Compound 5, 2-cyanoethyl-3-aminopropyl-O-β-cholesterol ether (42% yield). ¹H-NMR (300 MHz, CDCl₃) δ (ppm): 0.68 (s, 3 H; H-18′), 0.86–0.87 (d, J = 6.6 Hz, 6 H; H-26′, H-27′), 0.91 (d, J = 6.6 Hz, 3 H; H-21′), 1.00–1.60 (m, 24 H; cholesterol), 1.70–2.00 (m, 7 H; H-2, H-2′, H-7′, H-8′), 2.10–2.40 (m, 2 H; H-24′), 2.53 (t, J = 6.6 Hz, 2 H; H-5), 2.75 (t, J = 6.6 Hz, 2 H; H-3), 2.94 (t, J = 6.6 Hz, 2 H; H-4), 3.13 (m, 1 H; H-3′), 3.55 (t, J = 6.3 Hz, 2 H; H-1), 5.34 (d, J = 5.1 Hz, 1 H; H-6′).
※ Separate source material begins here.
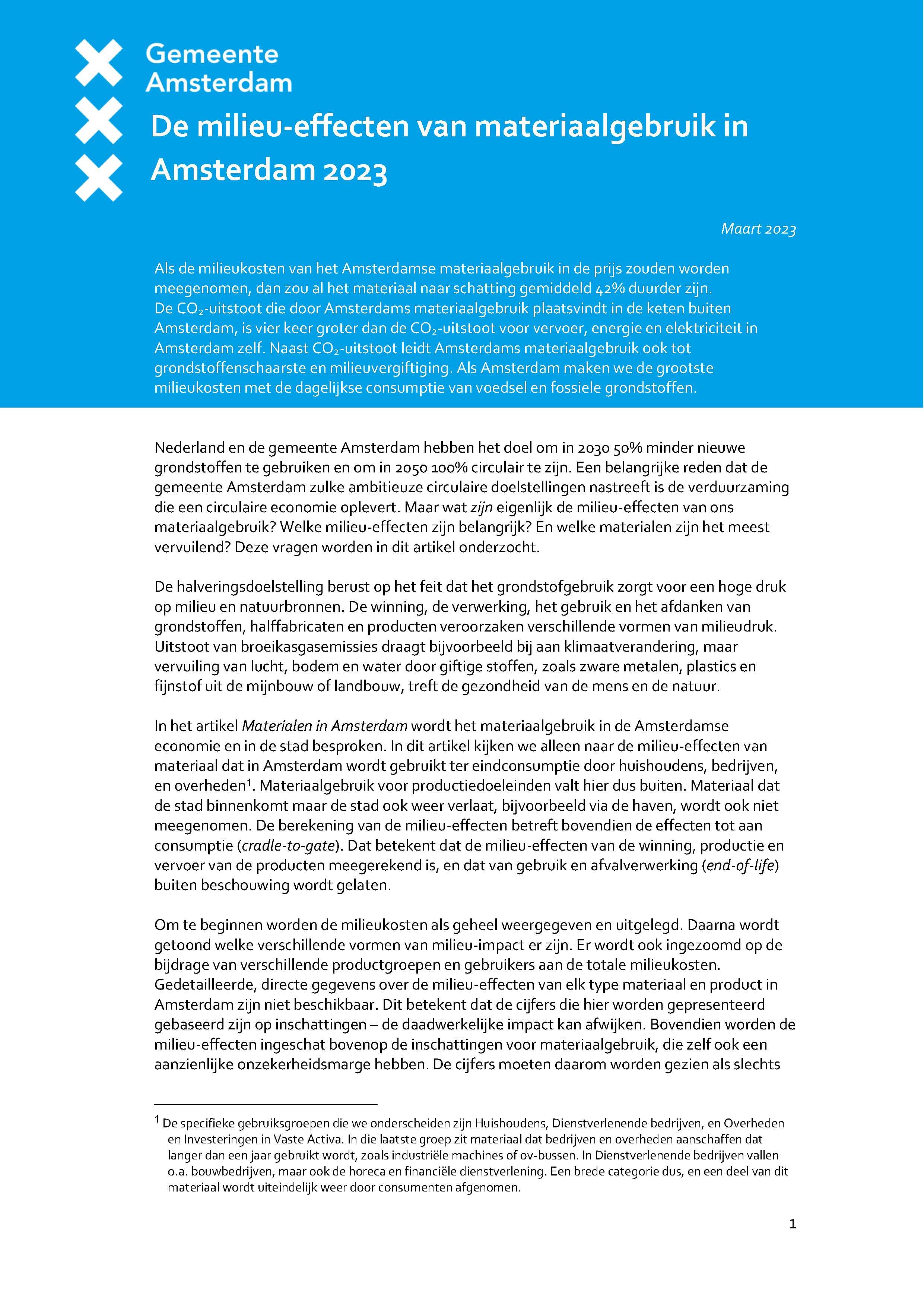 De milieu-effecten van materiaalgebruik in Amsterdam 2023

Compound 8, di-2-cyanoethyl-3-aminopropyl-O-β-cholesterol ether (51% yield). ¹H-NMR (300 MHz, CDCl₃) δ (ppm): 0.65 (s, 3 H; H-18′), 0.84 (d, J = 6.6 Hz, 6 H; H-26′, H-27′), 0.89 (d, J = 6.6 Hz, 3 H; H-21′), 0.98–1.60 (m, 24 H; cholesterol), 1.62–2.00 (m, 7 H; H-2, H-2′, H-7′, H-8′), 2.10–2.37 (m, 2 H; H-24′), 2.46 (t, J = 6.9 Hz, 4 H; H-5, H-8), 2.62 (t, J = 6.9 Hz, 2 H; H-3), 2.83 (t, J = 6.9 Hz, 4 H; H-4, H-7), 3.12 (m, 1 H; H-3′), 3.51 (t, J = 6 Hz, 2 H; H-1), 5.33 (d, J = 5.1 Hz, 1 H; H-6′).
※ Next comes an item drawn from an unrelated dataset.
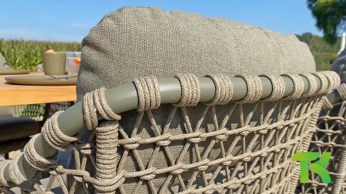 - Natürlicher Look: Das olivfarbene Seilgeflecht verleiht dem Jura-Stuhl ein natürliches Aussehen, sodass er sich mühelos in jede Outdoor-Umgebung einfügt.
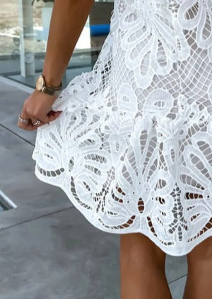 Grace and style ooze from this exquisite dress! Delicate lace adorns the neckline and dropped sleeve hems, making it a timelessly timeless piece. Rock it at any special event and watch the head-turning begin!

COS-7 cells were seeded onto 12 mm coverslips at a density of 6 × 104 cells in 24-well plates for 24 h. The plasmid was covalently labeled with the Label IT Cy3 nucleic acid labeling kit (Mirus, Chicago, IL, USA). Oregon Green 488 dextran; 70,000 MW (50 μg/400 μL, Molecular probe, Leiden, The Netherlands) and Cy3-labeled DNA using liposome B were added to the cells for 1 h to allow simultaneous uptake in the presence of serum. Cells were fixed with 500 μL of 4% paraformaldehyde for 10 min at room temperature. Fluorescence images were taken via confocal microscopy (Leica TCS SP2, Solms, Germany) in sequential mode to eliminate emission cross-talk between two dyes.

Scheme S1.:

Synthesis of new cationic lipids. (a) Acrylonitrile, 18-crown-6, aqueous KOH/CH₂Cl₂ (yield: 100%); (b) NiCl₂·6H₂O, Boc₂O, NaBH₄/MeOH (yield: 3, 93%; 6, 80%; 9, 68%); (c) TFA/CH₂Cl₂ (yield: 4, 85%; 7, 65%; 10, 67%); (d) Acrylonitrile/MeOH, reflux (yield: 5, 42%; 8, 51%; overall, 93%).

Figure S1.:

Cellular uptake of the liposome B/DNA complex. We examined the colocalization of lipoplexes with Oregon Green 488-labeled dextran 70,000 molecular weight (dextran 70,000), a known macropinocytic pathway marker. COS-7 cells were incubated with dextran 70,000 (green) and lipoplex B containing Cy3-labeled DNA (red). Images were obtained using confocal microscopy 1 h after transfection. Scale bar: 10 μm.